Surviving a Crisis: Transformation, Adaptation, and Resistance in Higher Education (new article)

My new article, Surviving a Crisis: Transformation, Adaptation, and Resistance in Higher Education, is now out. The article is open access and the online first version is available to download at

This is the first article to be published from my PhD research and it also builds on the webinar I gave at the Centre for Global Higher Education in October 2020. I am committed to supporting open science and this was one of the reasons I submitted the article to the open access peer reviewed journal Higher Education, Governance and Policy. This is still a fairly new journal that has already published a number of strong articles. My experience was very positive: I found the peer review feedback constructive, and the publication process smooth.

Here’s the abstract:

After periods of crisis, it has been assumed that social institutions like higher education will also change radically – and perhaps even fail. In contrast to this expectation, this paper demonstrates that such moments of intense disruption result not only in transformation but are additionally accompanied by significant levels of adaptation and some resistance. Drawing from a larger study of the impact of crisis on higher education, this paper explores some of the ways that higher education responds to major political, economic, and social change at both system and organizational levels. Taking the collapse of the Soviet Union in 1991 as the moment of crisis, the paper presents findings from a comparative case study of three ex-Soviet countries with new primary source data generated by interviews with experienced faculty members at the frontline of change.
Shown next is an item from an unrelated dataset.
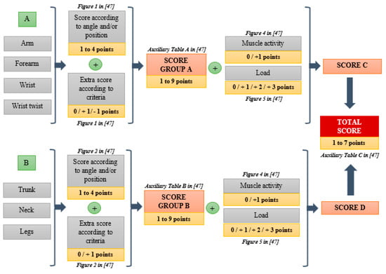 Figure 4. Calculation process in RULA (Rapid Upper Limb Assessment) method (adapted from [47,51]).

Understanding what it takes for higher education to survive a crisis makes an important contribution to comparative higher education studies by showing the variegated ways that higher education institutions and systems respond to crisis and to filling the gap in theory-driven explanations of system and organizational responses to major change.

Although my article is based on a crisis event that we could now consign to the category of history, it is still the case that crises of all magnitudes have continued and have major implications for education. Nowhere is this clearer in recent months than in Ukraine, where wanton destruction and displacement threaten millions of learners. This is a real time unfolding of major change, underlining the continuing relevance of understanding what it takes for higher education to survive a crisis.